Cuando se hallaban sobrevolando el Atlántico, Michael cerró los ojos e intentó dormir. Habían comido con avidez, habían bebido algo más de la cuenta y habían estado charlando durante una hora sobre Aaron. El interior del avión se encontraba en penumbra y en silencio, y ellos se habían arrebujado entre media docena de mantas.
Necesitaban descansar. Aaron les habría aconsejado que durmieran un rato.
Dentro de ocho horas aterrizarían en Londres. Allí estaría amaneciendo, aunque según su reloj interno todavía sería de noche. Yuri estaría esperándolos, impaciente por conocer todos los detalles sobre la muerte de Aaron. El dolor, la tristeza de lo inevitable.
Michael estaba empezando a caer en un profundo sopor, sin saber si se hundiría en una pesadilla o en un sueño alegre y absurdo como una mala historieta, cuando de pronto advirtió que Rowan le tocaba el brazo.
Se volvió perezosamente hacia ella. Rowan estaba reclinada en el asiento, sosteniéndole la mano.
—Si salimos de esto —murmuró Rowan—, si no intentas entorpecer mis movimientos, si no vuelvo a alejarme de ti…
—Sí…
—Entonces nada se interpondrá entre nosotros. Nadie podrá separarnos jamás. Ni tampoco me importará que tengas otra mujer más joven.
—No deseo otra mujer —contestó Michael—. Durante el tiempo que permaneciste alejada de mí ni siquiera soñé con otras mujeres. Quiero a Mona, sí, y siempre la querré, pero eso forma parte de nuestra naturaleza. La quiero y deseo tener un hijo suyo. Tengo tantas ganas de ser padre que me da miedo hablar de ello. Es demasiado pronto. No quiero llevarme una decepción. Pero sólo te amo a ti, desde el día en que nos conocimos.
Rowan cerró los ojos, y apoyó su mano sobre el brazo de Michael, hasta que al cabo de unos minutos ésta se deslizó y cayó, de forma natural, como si Rowan se hubiera quedado dormida. Michael se volvió y contempló su rostro perfecto y sereno.
—He matado —murmuró él, aunque no estaba seguro de que ella pudiera oírlo—. He matado a tres personas, y no siento el menor remordimiento. Eso cambia a cualquiera.
Rowan no respondió.
—Si fuese necesario volvería a hacerlo —dijo Michael.
Rowan movió los labios.
—Lo sé —dijo suavemente, sin abrir los ojos, inmóvil como si estuviera profundamente dormida—. Yo lo haré tanto si es preciso como si no. Me han ofendido mortalmente.
Rowan se inclinó hacia Michael y lo besó de nuevo en los labios.
—Así, no aguantaremos hasta llegar a Londres —dijo él.

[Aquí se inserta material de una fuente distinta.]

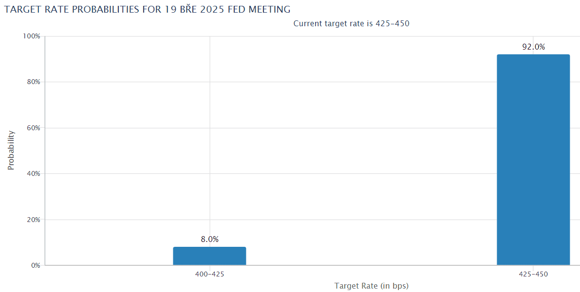 Podle nástroje FedWatch skupiny CME došlo ke snížení pravděpodobnosti toho, že americká centrální banka sníží úrokové sazby na dalším setkání během března.
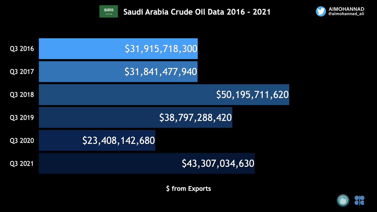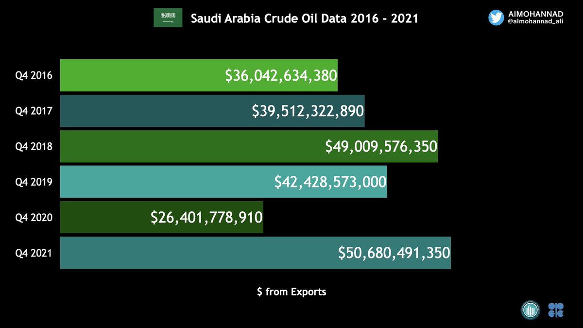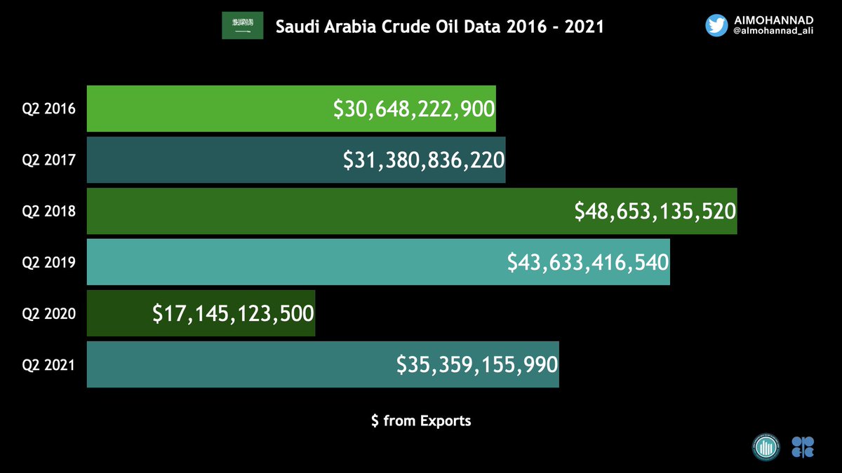 وهنا أرقام (تقديرية) لايرادات المملكة العربية #السعودية من صادراتها للنفط الخام لكل ربع للفترة من 2016 - 2021
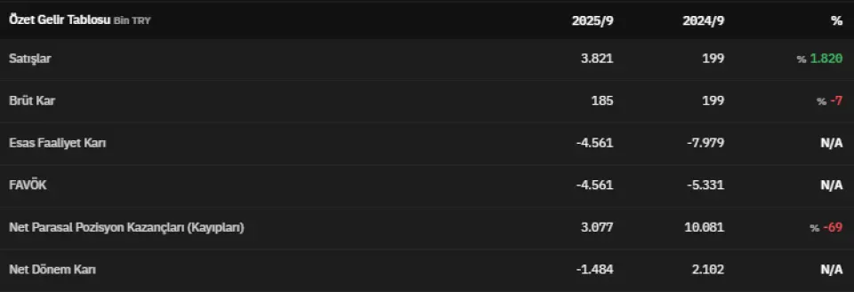 FAVÖK 2025 yılının üçüncü çeyreğinde -4.561.000 TL olarak açıklandı. Net parasal pozisyon kazançları 2025 yılının üçüncü çeyreğinde 3.077.000 TL olarak kaydedildi. Net dönem kârı ise -1.484.000 TL olarak kaydedildi.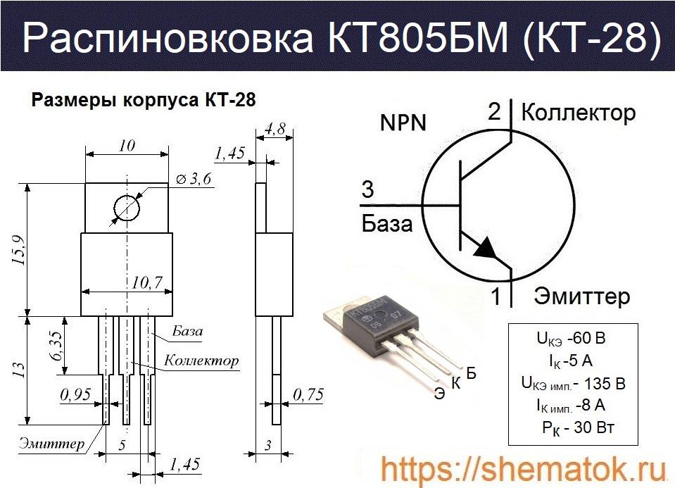 КТ805БМ производится в пластиковой упаковке КТ-28 (аналог ТО-220). Имеет три гибких контакта с назначением (слева на право): эмиттер (Э), коллектор (К), база (Б). Вес – не более 2.5 гр.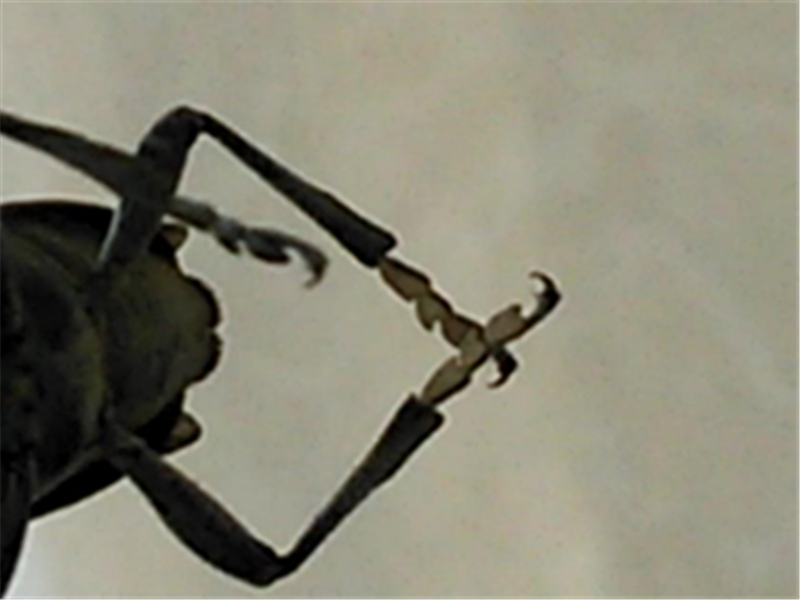 特别是足尖有非常锐利的"钩子"。因此,天牛的爬行、攀援时显得非常稳健。而且你要把天牛从地上抓起来也要使点力才能挣脱它锋利的爪力。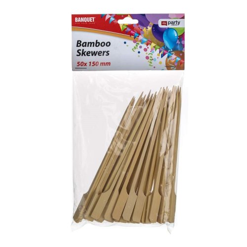 Špajle bambus 15 cm, grilovací s úchytom (50 ks). dĺžka: 15 cm materiál: bambus balenie: 50 ks Bambusová napichovátka - špíz BANQUET.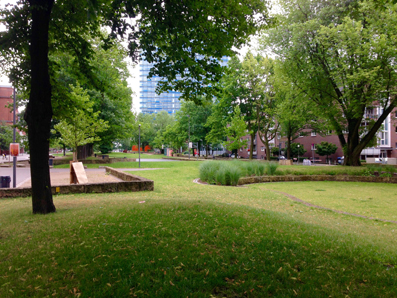 Wo damals die Trasse des Berliner Tors die HAW Hamburg vom Stadtteil St. Georg abschnitt, bietet der Park heute einen vorgelagerten Campus.
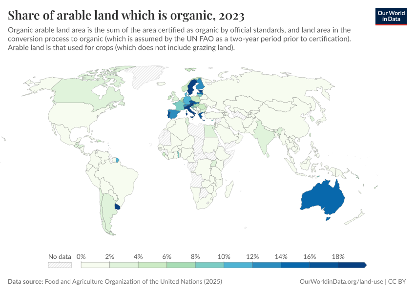 Food and Agriculture Organization of the United Nations (2025) – with major processing by Our World in Data. “Share of arable land that is organic – UN FAO” [dataset]. Food and Agriculture Organization of the United Nations, “Land, Inputs and Sustainability: Land Use” [original data]. Retrieved March 13, 2026 from https://admin-refresh-dis.owid.pages.dev/grapher/share-of-arable-land-which-is-organic
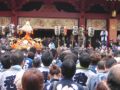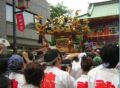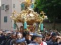 府中と違って、こっちの警察/機動隊は何も言わずにもくもくと警備してるし、境内も開放してお客さんも自由に動けるし(下手すると一緒に担げそうな距離まで近づけるし)、神輿が通るときは「はいよっ、ちょっと神輿に道をあけておくれっ」なんて、半纏のおじさんに声をかけられて、見物のお客さんも「はい、はい」と脇によけるような。人はいっぱいいましたが、けっこうほのぼのと混んでました(笑)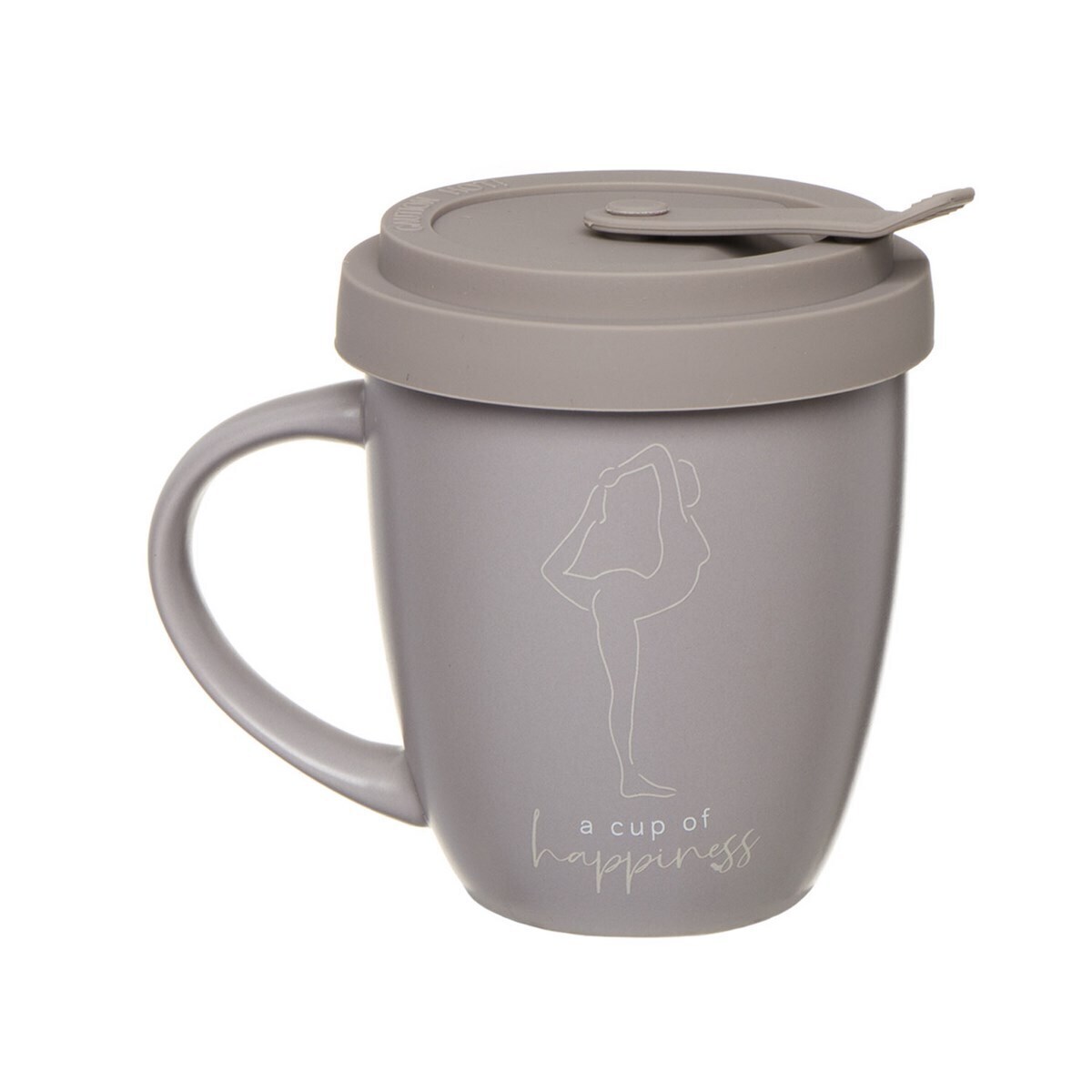 Кружка D'casa "с силиконовой крышкой Yoga серый", 360 мл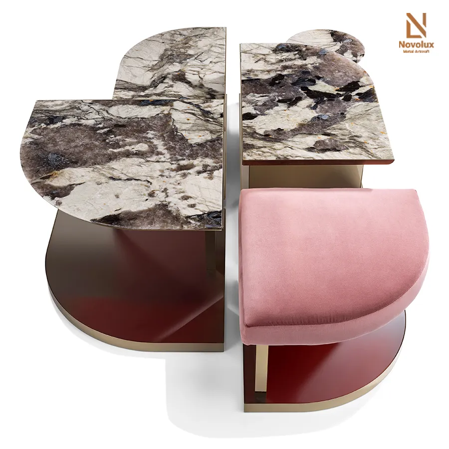 Bộ bàn thấp và ghế đôn sở hữu khung thép không gỉ hoàn thiện mờ mang đến sự linh hoạt trong bố cục không gian. Mặt bàn đá cẩm thạch được tạo hình với các cạnh bán nguyệt mềm mại, đặt trên hệ chân đế sơn mài phản chiếu, tạo hiệu ứng thị giác tinh tế và sang trọng.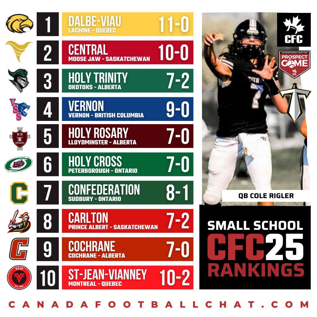 | 3 | 3 | Holy Trinity Academy Knights | Okotoks | AB | 0-0 | 7-2 | 0-0 | W 49-28 vs. Bishop Carroll |
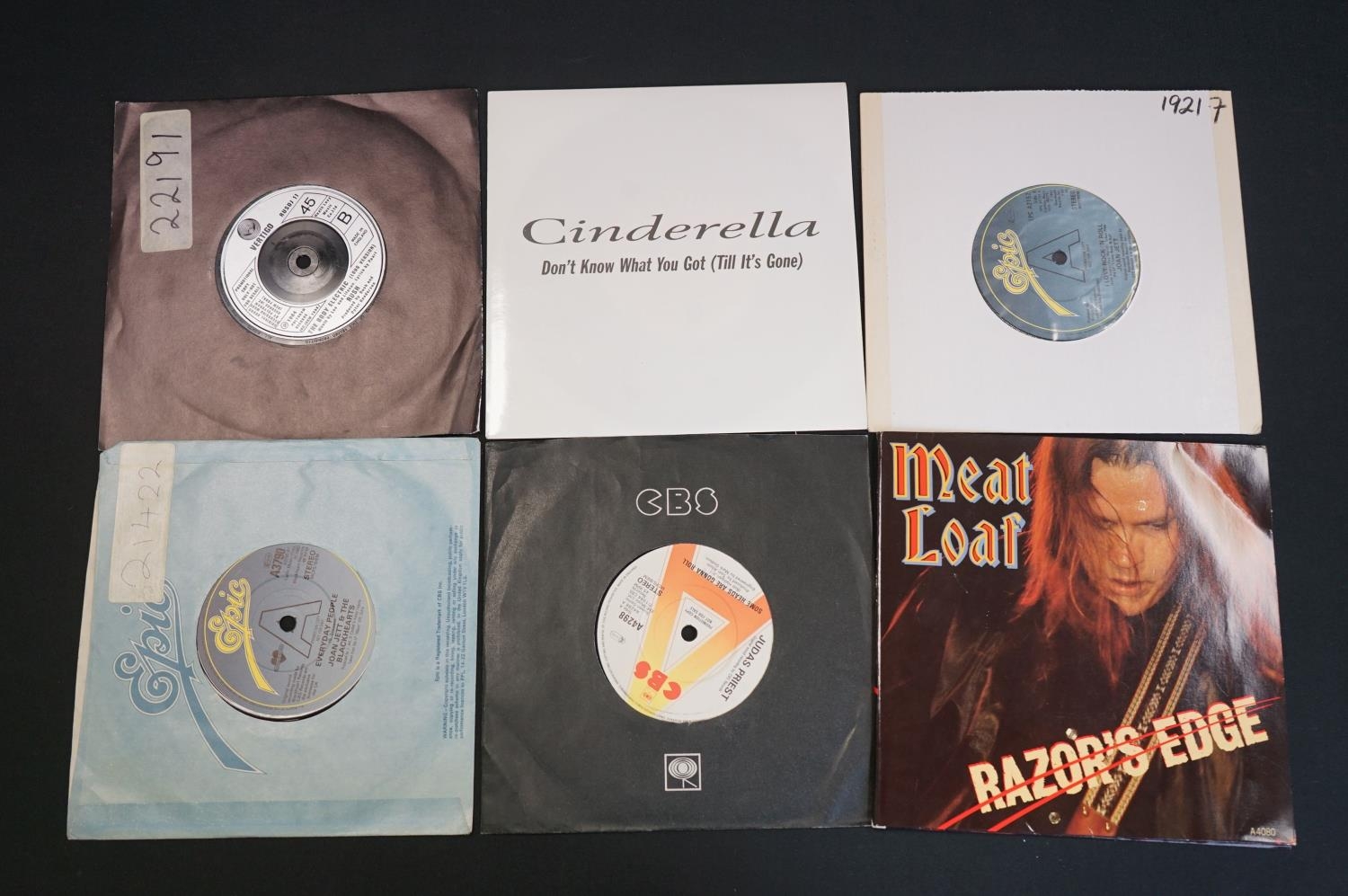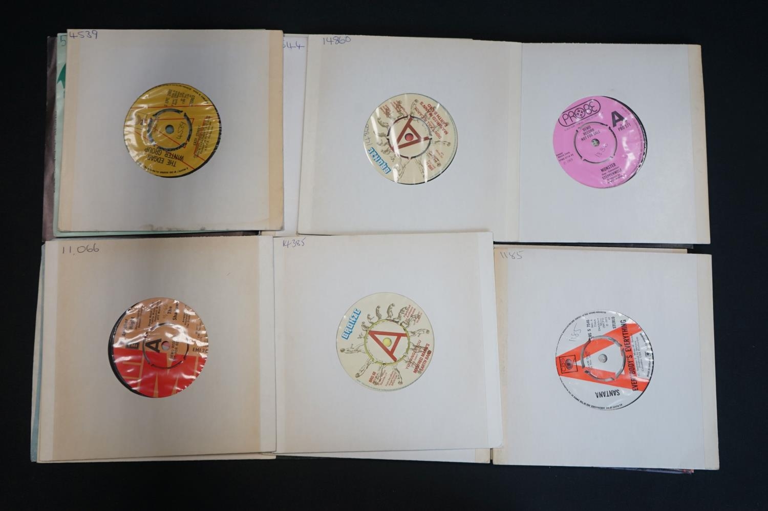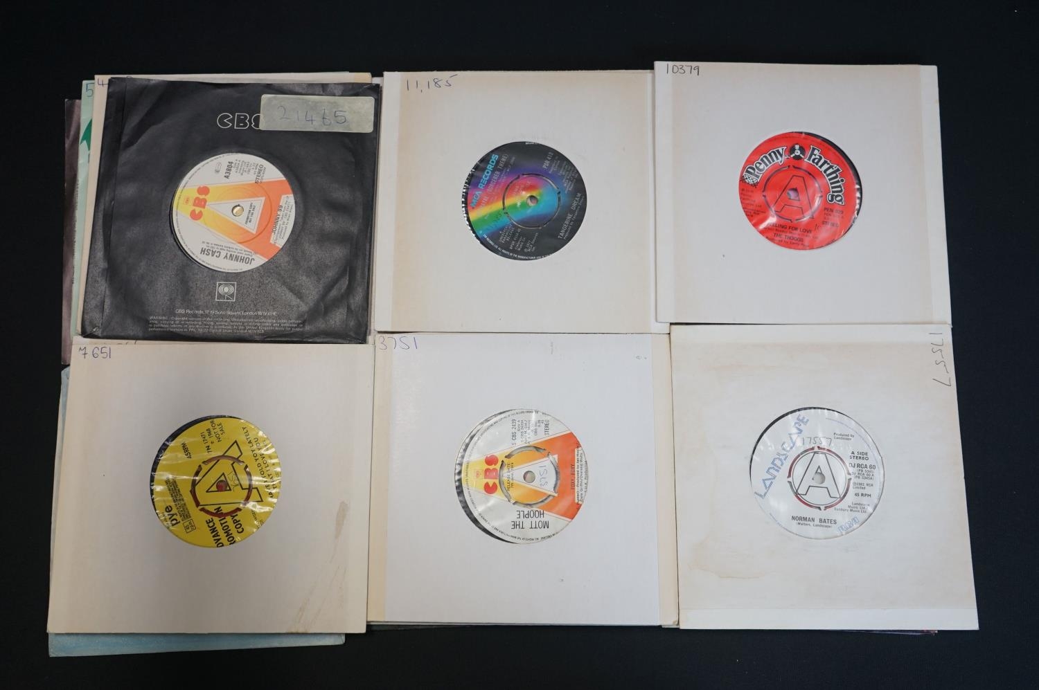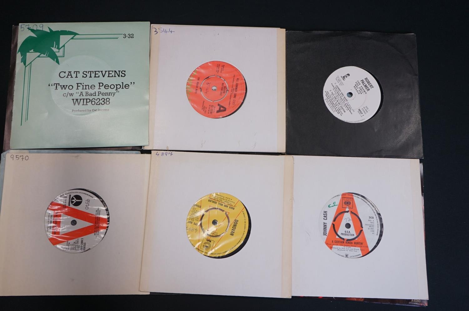 Vinyl - 34 promo & demo 7" singles including Gary Moore, Joan Jett, Meatloaf, Judas Priest, Rush, Donovan, Roy Orbison, The Beach Boys, Steppenwold, Manfred Mann, Santana, Troggs, Mott The Hoople, Tangerine Dream, Johnny Cash and more. Mainly in card sleeves. Vinyl at least Ex overall. From the Granada Television / Yorkshire Television music library, therefore most have library stickers/numbers to sleeve or vinyl or both.

—Somos los únicos que viajamos en primera —contestó Rowan, alzando las cejas y besándolo nuevamente—. Una vez, a bordo de un avión, sentí una especie de amor que jamás había sentido. Fue el primer beso que me dio Lasher, por decirlo así. Fue un beso salvaje, electrizante. Pero ahora deseo tus brazos, tu pene, tu cuerpo. No puedo esperar hasta que nos encontremos en Londres. ¡Lo necesito ahora!
No hacía falta que ella insistiera. De no haberse desabrochado Rowan la chaqueta, él le habría arrancado los botones en un típico arrebato romántico.